__EXERCISE MATERIALS__
★ ★ ★
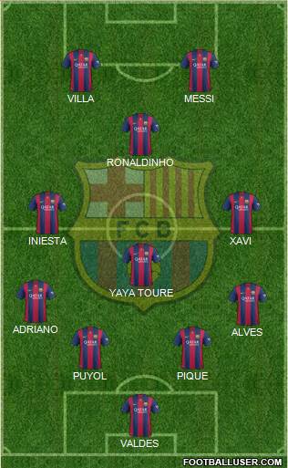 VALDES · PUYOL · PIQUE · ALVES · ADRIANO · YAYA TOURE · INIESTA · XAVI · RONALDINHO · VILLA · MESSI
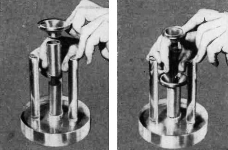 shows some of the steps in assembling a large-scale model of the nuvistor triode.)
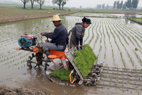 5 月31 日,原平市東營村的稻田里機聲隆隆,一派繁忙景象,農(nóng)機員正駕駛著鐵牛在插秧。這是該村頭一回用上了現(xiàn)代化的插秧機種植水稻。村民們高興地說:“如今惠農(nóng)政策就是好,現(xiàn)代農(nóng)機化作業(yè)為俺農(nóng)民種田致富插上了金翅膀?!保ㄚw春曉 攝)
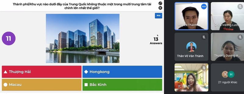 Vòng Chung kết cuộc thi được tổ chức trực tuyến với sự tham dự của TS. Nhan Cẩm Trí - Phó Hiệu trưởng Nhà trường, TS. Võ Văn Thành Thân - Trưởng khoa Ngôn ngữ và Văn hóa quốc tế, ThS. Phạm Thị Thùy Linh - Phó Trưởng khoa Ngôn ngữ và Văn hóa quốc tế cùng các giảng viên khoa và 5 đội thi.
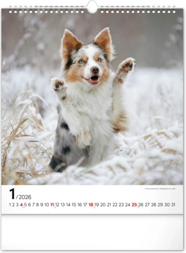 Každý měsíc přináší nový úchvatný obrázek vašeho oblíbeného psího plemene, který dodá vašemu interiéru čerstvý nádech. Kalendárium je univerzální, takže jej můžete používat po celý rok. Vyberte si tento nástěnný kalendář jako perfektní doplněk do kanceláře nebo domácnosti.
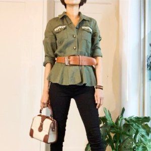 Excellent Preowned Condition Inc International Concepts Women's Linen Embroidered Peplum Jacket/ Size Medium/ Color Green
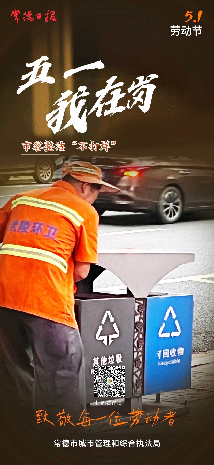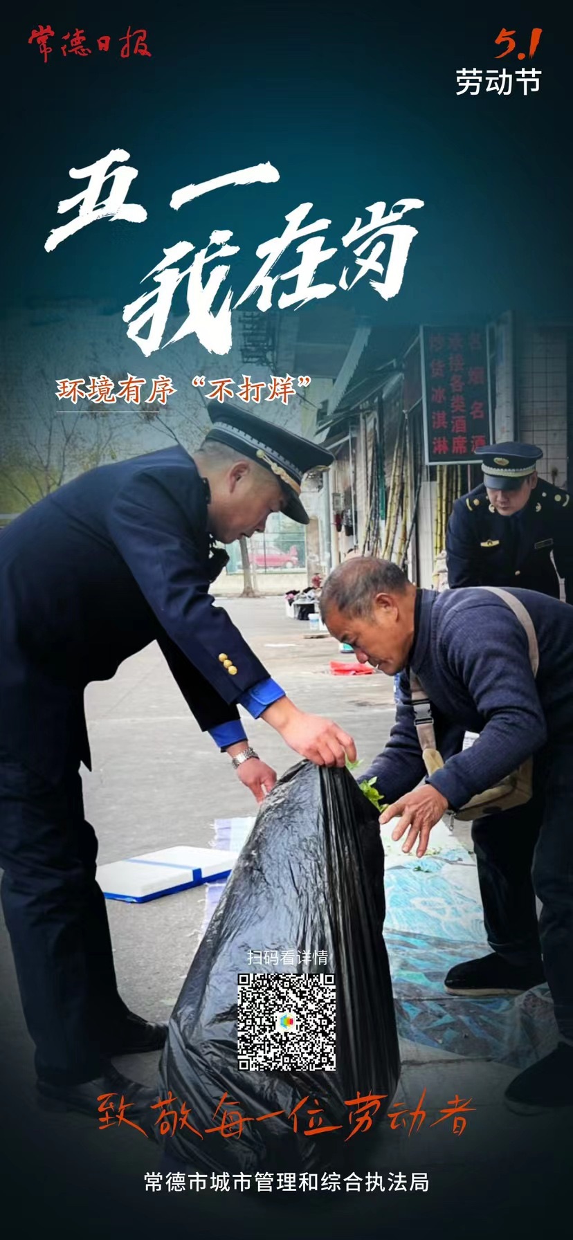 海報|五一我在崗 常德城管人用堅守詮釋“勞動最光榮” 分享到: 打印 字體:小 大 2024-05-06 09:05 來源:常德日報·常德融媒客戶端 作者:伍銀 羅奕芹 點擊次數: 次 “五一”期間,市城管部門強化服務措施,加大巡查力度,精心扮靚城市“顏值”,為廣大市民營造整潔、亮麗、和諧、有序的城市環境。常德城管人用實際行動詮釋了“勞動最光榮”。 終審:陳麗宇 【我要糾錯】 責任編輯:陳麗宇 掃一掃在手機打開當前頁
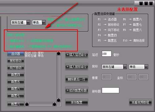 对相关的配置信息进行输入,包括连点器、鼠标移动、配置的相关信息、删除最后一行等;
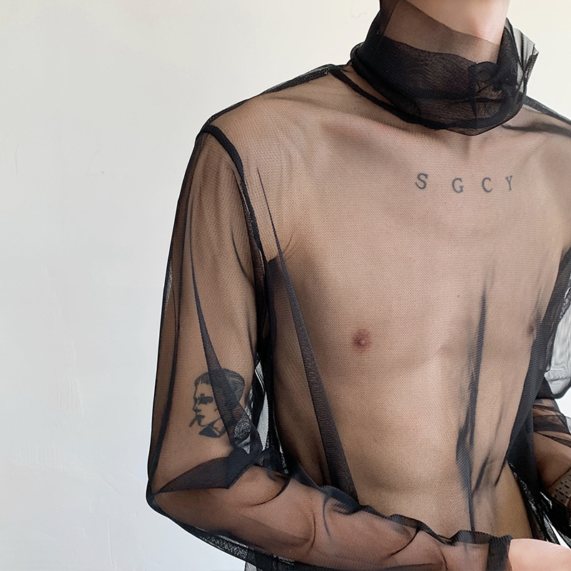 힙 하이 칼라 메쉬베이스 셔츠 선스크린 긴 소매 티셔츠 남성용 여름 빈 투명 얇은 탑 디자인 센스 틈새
★ ★ ★
Everything in the entries must be written out exactly; the pictures stay out.

 VALDES · PUYOL · PIQUE · ALVES · ADRIANO · YAYA TOURE · INIESTA · XAVI · RONALDINHO · VILLA · MESSI
 shows some of the steps in assembling a large-scale model of the nuvistor triode.)
 5 月31 日,原平市東營村的稻田里機聲隆隆,一派繁忙景象,農(nóng)機員正駕駛著鐵牛在插秧。這是該村頭一回用上了現(xiàn)代化的插秧機種植水稻。村民們高興地說:“如今惠農(nóng)政策就是好,現(xiàn)代農(nóng)機化作業(yè)為俺農(nóng)民種田致富插上了金翅膀?!保ㄚw春曉 攝)
 Vòng Chung kết cuộc thi được tổ chức trực tuyến với sự tham dự của TS. Nhan Cẩm Trí - Phó Hiệu trưởng Nhà trường, TS. Võ Văn Thành Thân - Trưởng khoa Ngôn ngữ và Văn hóa quốc tế, ThS. Phạm Thị Thùy Linh - Phó Trưởng khoa Ngôn ngữ và Văn hóa quốc tế cùng các giảng viên khoa và 5 đội thi.
 Každý měsíc přináší nový úchvatný obrázek vašeho oblíbeného psího plemene, který dodá vašemu interiéru čerstvý nádech. Kalendárium je univerzální, takže jej můžete používat po celý rok. Vyberte si tento nástěnný kalendář jako perfektní doplněk do kanceláře nebo domácnosti.
 Excellent Preowned Condition Inc International Concepts Women's Linen Embroidered Peplum Jacket/ Size Medium/ Color Green
 海報|五一我在崗 常德城管人用堅守詮釋“勞動最光榮” 分享到: 打印 字體:小 大 2024-05-06 09:05 來源:常德日報·常德融媒客戶端 作者:伍銀 羅奕芹 點擊次數: 次 “五一”期間,市城管部門強化服務措施,加大巡查力度,精心扮靚城市“顏值”,為廣大市民營造整潔、亮麗、和諧、有序的城市環境。常德城管人用實際行動詮釋了“勞動最光榮”。 終審:陳麗宇 【我要糾錯】 責任編輯:陳麗宇 掃一掃在手機打開當前頁
 对相关的配置信息进行输入,包括连点器、鼠标移动、配置的相关信息、删除最后一行等;
 힙 하이 칼라 메쉬베이스 셔츠 선스크린 긴 소매 티셔츠 남성용 여름 빈 투명 얇은 탑 디자인 센스 틈새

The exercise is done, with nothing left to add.